I know people love to make UIs stateless and functional. But they just aren’t. IMO UIs are fundamentally a bunch of state, graphically represented. So naturally all of the functional frameworks are full of escape hatches.

I’d rather have a honest framework than a chimera.

I have not followed SwiftUI recently but when it was introduced I quite liked to have the main composition in SwiftUI and then writing more complex components in pure UIKit. Both could be used what they are best suited for. But trying to shoehorn good interactivity into a SwiftUI component always ended in horrible code.

What about Elm? I think most people could grasp the elm architecture in an afternoon. To me this MVU style is pretty much perfect for UI.
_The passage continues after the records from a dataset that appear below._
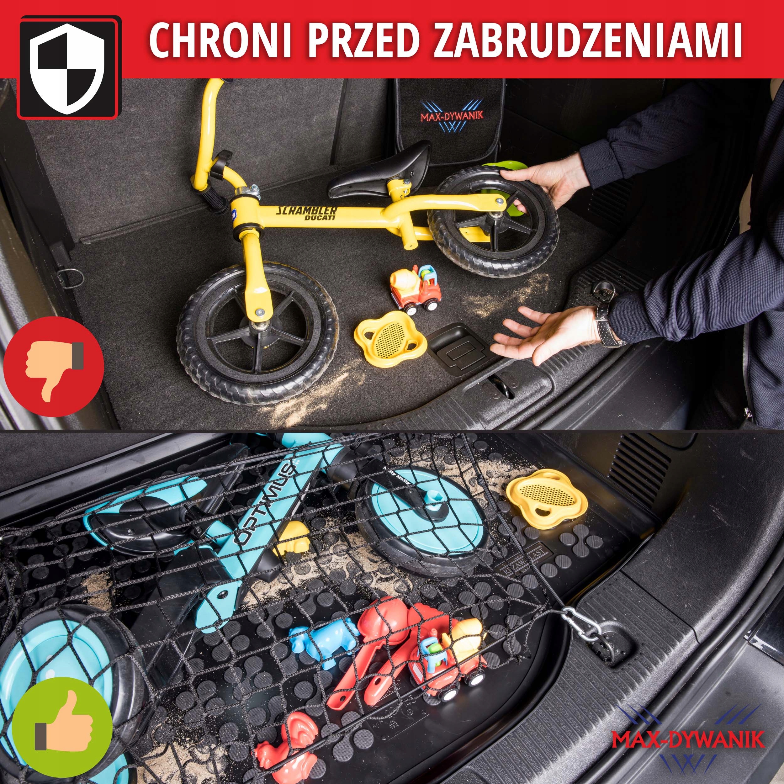 Додатковою перевагою пропонованого килимка є його унікальна гнучкість, завдяки якій під час використання ми все ще маємо доступ до простору під багажником (можливість підняти полицю для доступу до відділень для зберігання або запасне колесо) або витягнути килимок із багажника, щоб почистити його.
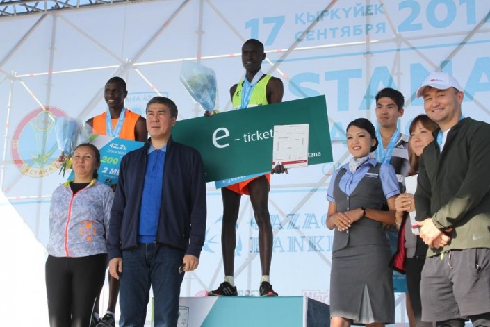 В этом году победителям в дистанции 42,2 километра (для мужчин и женщин) вручаются следующие призы: за первое место - 850 000 тенге плюс авиабилет в любом направлении; за второе место - 200 000; за третье - 100 000 тенге.
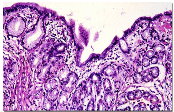 组织学上,囊肿衬里上皮主要为复层鳞状上皮,部分上皮为胃肠道粘膜上皮,可类似于胃体和胃底粘膜,含壁细胞、主细胞、胃腺和肌膜等,有时囊肿衬里还可含肠粘膜或阑尾粘膜上皮。
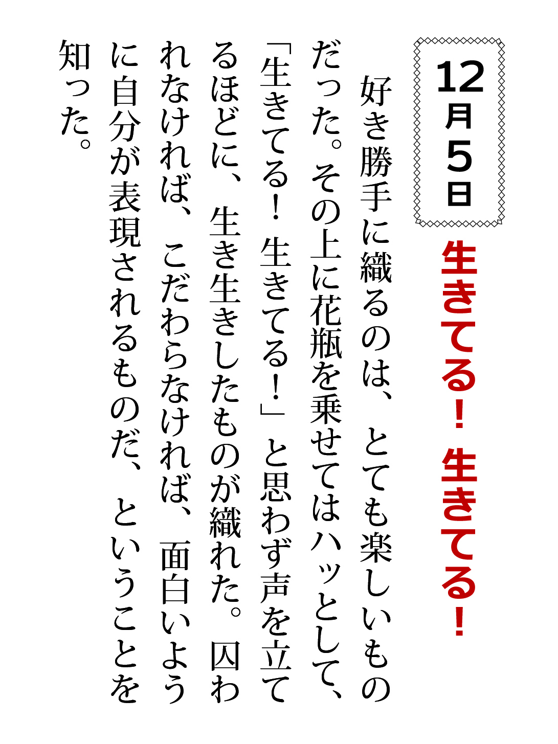 好き勝手に織るのは、とても楽しいものだった。その上に花瓶を乗せてはハッとして、「生きてる! 生きてる!」と思わず声を立てるほどに、生き生きしたものが織れた。囚われなければ、こだわらなければ、面白いように自分が表現されるものだ、ということを知った。
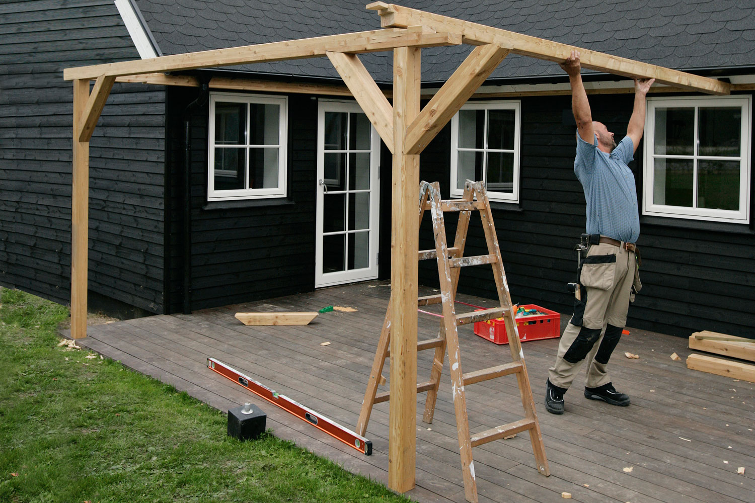 Kuinka katettu terassi rakennetaan? Vastauksen löydät tältä sivulta: olemme keränneet runsaasti ohjeita, joiden avulla rakennetaan puinen, katettu terassi. Valitsetpa minkä tahansa puurakenteen, saat selkeät vaiheittaiset ohjeet, joilla sahaat tolpat, ruoteet ja tukirakenteet oikeisiin mittoihinsa sekä kokoat kehikon – ja kuinka asennat itse katteen siten, että se kestää sadetta, lunta ja tuulta sekä viettää oikeassa kulmassa poispäin talosta. Seuraa täältä löytyviä rakennusohjeita. Näin varmistat, että rakentamasi katettu terassi on tukeva ja kestävä.
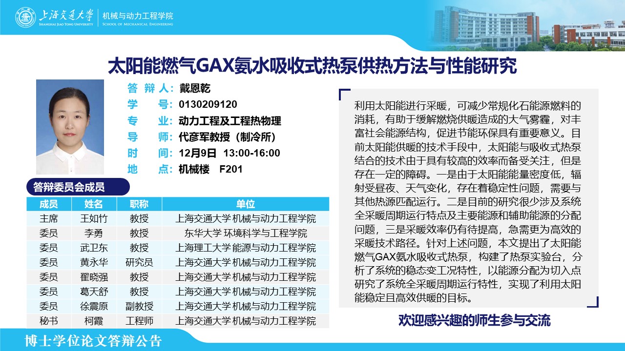 答辩人:戴恩乾 | 导师:代彦军| 时间:12月9日 13:00 – 16:00 | 地点:机械楼 F201

I think a lot of the time React appears complex and hacky is because we tried to solve world hunger with one component. I've worked on plenty of React projects that were very easy to scale, modify and iterate because they focused so heavily on small independent stateless components.

> UIs are fundamentally a bunch of state

React doesn't really contest that as-worded. It's just that, ideally, a nested component isn't the owner of important state.

> I know people love to make UIs stateless and functional. But they just aren’t. IMO UIs are fundamentally a bunch of state, graphically represented. So naturally all of the functional frameworks are full of escape hatches.

Functional does not mean no state, just constraining state to inputs and outputs. Breaking that is a choice, and not good design.

Elm, for example, provides all of that with one escape hatch: ports. It is really well-defined and that not fall into any of the impossibilities you mention.